Your assignment
Pictures aside, return every line below exactly as written.

Data excerpt
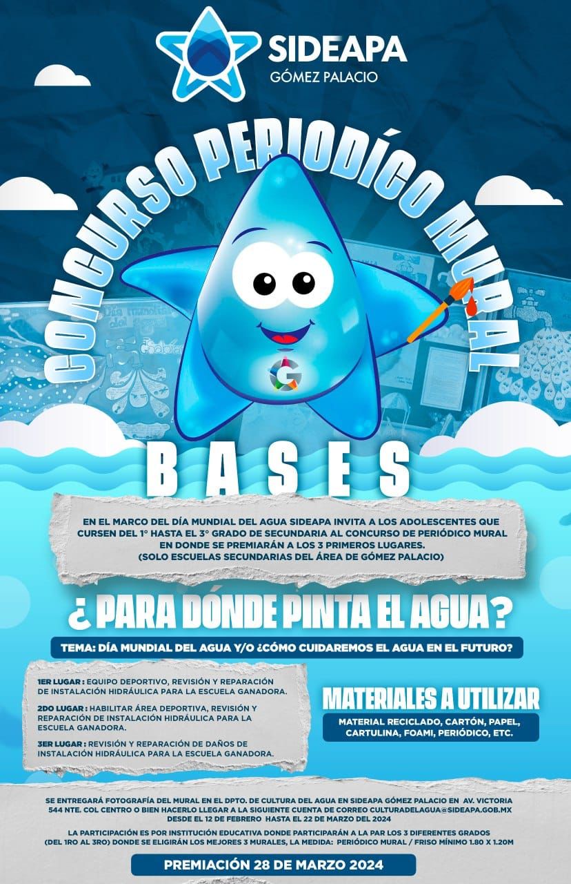 Por su parte, el director del Sideapa, Francisco Escalera Tostado, invitó a todas las escuelas secundarias del área urbana de Gómez Palacio, a participar en este concurso.
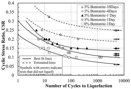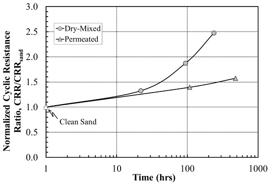 Many soil improvement methods have been introduced to counteract liquefaction threat, the easiest of which is soil compaction by different methods. However, soil compaction (especially dynamic compaction) can often be harmful to existing structures on or nearby liquefiable soil deposits. Thus, permeation grouting or "passive site remediation" has been proposed for stabilizing liquefiable soil deposits at sensitive or developed sites. The current research approach is to use permeation grouting to deliver bentonite to the sand pore to increase its liquefaction resistance. The first figure below shows some results of cyclic triaxial testing on sand-bentonite specimens prepared through dry mixing for "wished in place" bentonite. The results show a significant increase in the number of cycles to liquefaction with increasing bentonite content and /or aging time. The second figure shows the increase in Cyclic Resistance Ratio for dry-mixed specimens versus permeated specimens. The tests on the permeated specimens are still in the preliminary stages. |
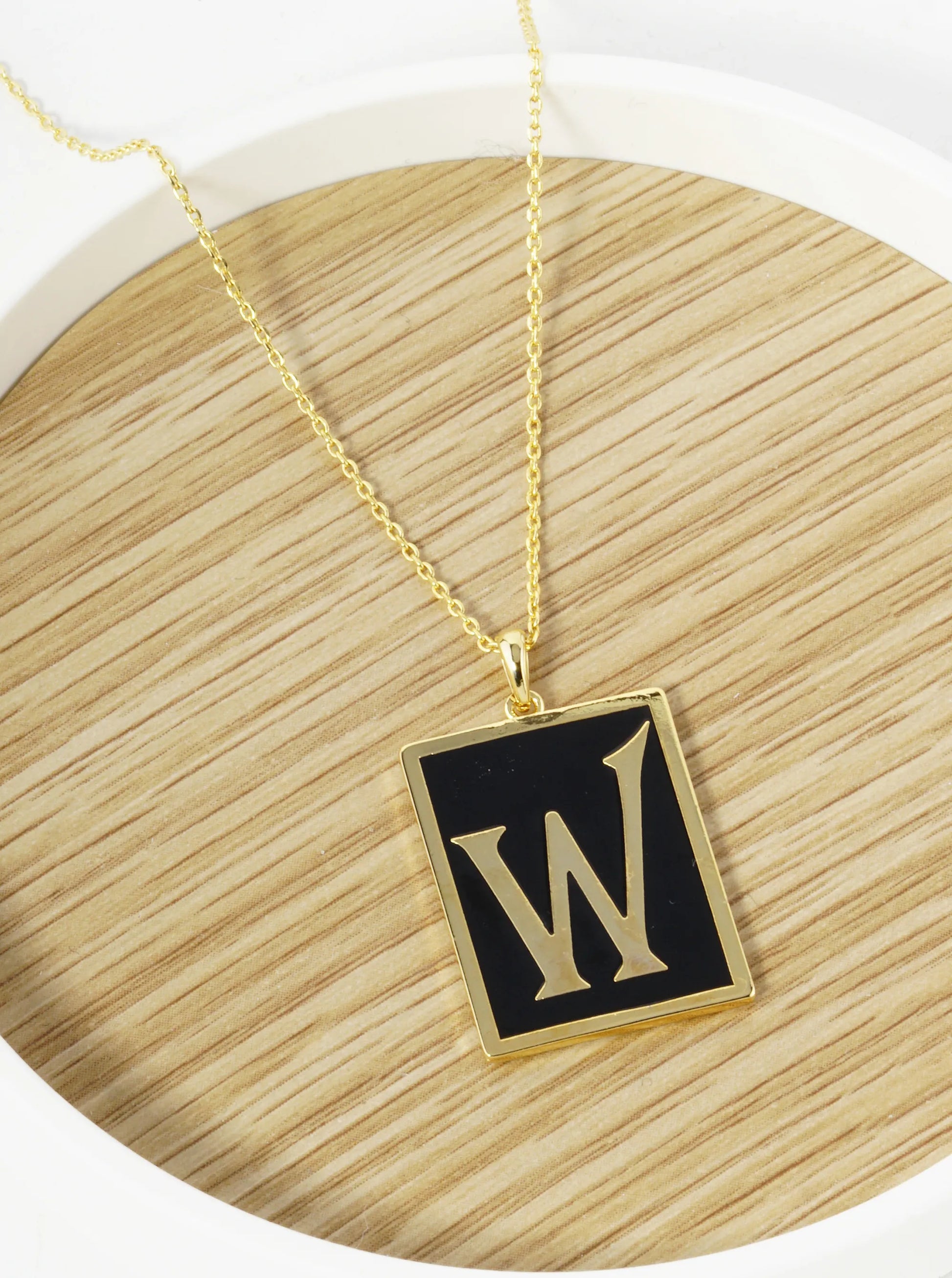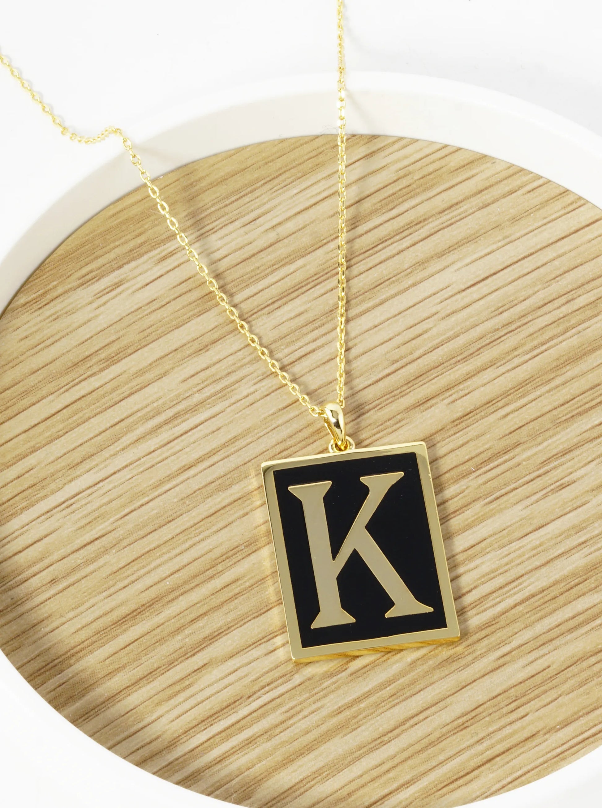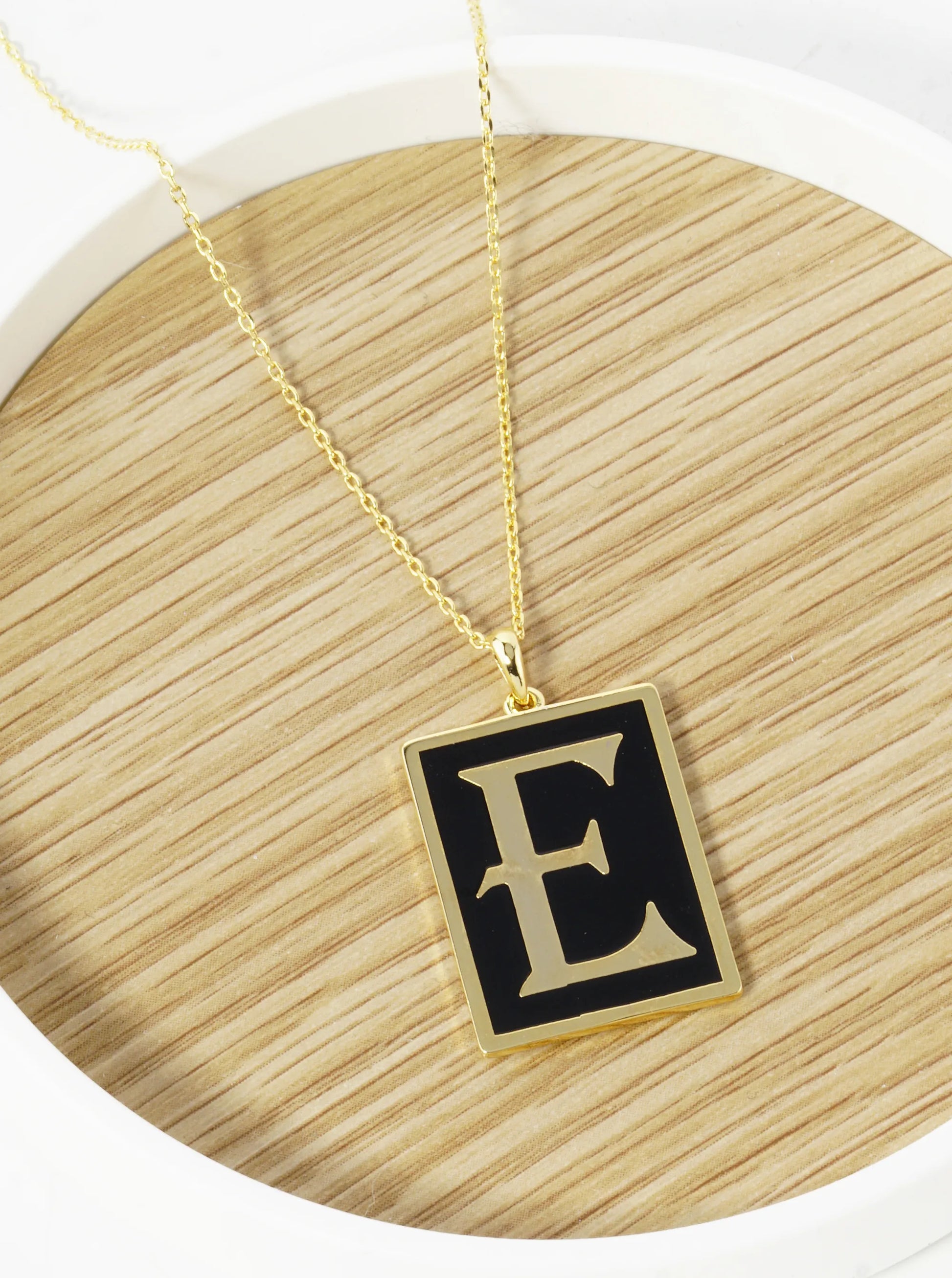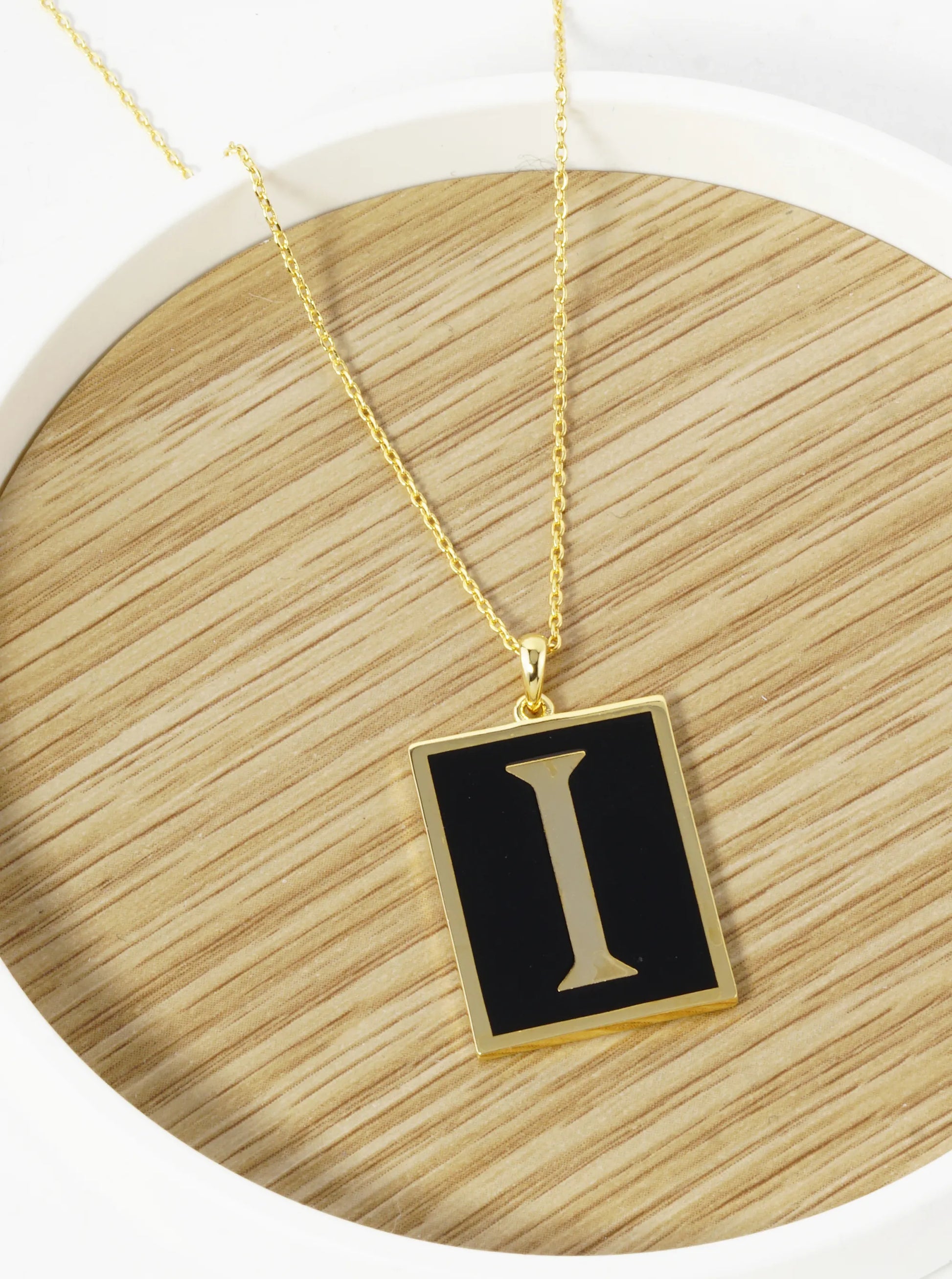 18K Gold Dipped Enamel Filled Rectangular Initial Pendant Necklace

Response to the exercise
 Por su parte, el director del Sideapa, Francisco Escalera Tostado, invitó a todas las escuelas secundarias del área urbana de Gómez Palacio, a participar en este concurso.
 Many soil improvement methods have been introduced to counteract liquefaction threat, the easiest of which is soil compaction by different methods. However, soil compaction (especially dynamic compaction) can often be harmful to existing structures on or nearby liquefiable soil deposits. Thus, permeation grouting or "passive site remediation" has been proposed for stabilizing liquefiable soil deposits at sensitive or developed sites. The current research approach is to use permeation grouting to deliver bentonite to the sand pore to increase its liquefaction resistance. The first figure below shows some results of cyclic triaxial testing on sand-bentonite specimens prepared through dry mixing for "wished in place" bentonite. The results show a significant increase in the number of cycles to liquefaction with increasing bentonite content and /or aging time. The second figure shows the increase in Cyclic Resistance Ratio for dry-mixed specimens versus permeated specimens. The tests on the permeated specimens are still in the preliminary stages. |
 18K Gold Dipped Enamel Filled Rectangular Initial Pendant Necklace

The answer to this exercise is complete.